Characterization of drosophila myosin 7a mechanics

Abstract

Myosin 7a is an unconventional myosin which participates in the sensory cell functions of numerous organisms, including humans, zebra fish, and flies. In drosophila, myosin 7a (DmM7a) appears responsible for bristle morphology, including the antennae involved in auditory transduction. The composition of motifs within the molecule is as follows: a motor head, containing sub-domains broadly typical of the myosin super-family, which connects to 5 IQ's, followed by the tail region. Within the tail are a putative coiled-coil followed by two tandem MyTH4-FERM domains separated by an SH3 domain. Here, data obtained using the optical trap three bead assay - the practice of using photon force to manipulate micrometer-scale beads to observe single molecule events - are presented for DmM7a.

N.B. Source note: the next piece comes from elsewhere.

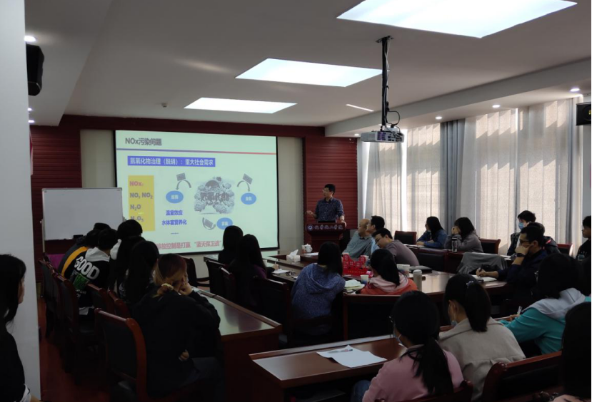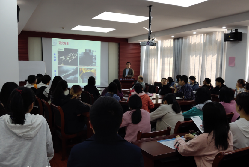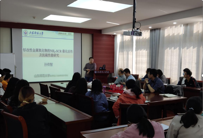 孙传智教授先从介绍自己的学习、学术研究经历开始,向同学们传授了如何激发自己的学习与研究兴趣,然后又介绍了自己对钐改性金属氧化物的NH3-SCR 催化活性及抗硫性能研究情况。

A truncated DmM7a construct (DmM7aTD1), cropped after the tail SH3 domain, was observed to interact with an actin filament at low ionic strength (50 mM KCl). Under the same conditions no interactions were seen with the full length version (DmM7aFL), however, at high ionic strength (200 mM) DmM7aFL became active. These findings are in agreement with recent studies demonstrating that the tail performs an internal regulatory function which is electrostatic in nature. The actin detachment rates (Kdet), calculated from dwell times, were similar for DmM7aTD1 and DmM7aFL at 10 μM ATP, approximately 0.2 s-1. The Kdet for DmM7aFL was dependent on ATP concentration, and was increased at 1 mM ATP. These data support previous studies showing M7a to be a high duty motor with slow ATPase activity. Attempts to dimerise DmM7a on actin were unsuccessful based on the absence of “stepping” events which are a hallmark of processivity. This supports the case for DmM7a having a role in tension maintenance.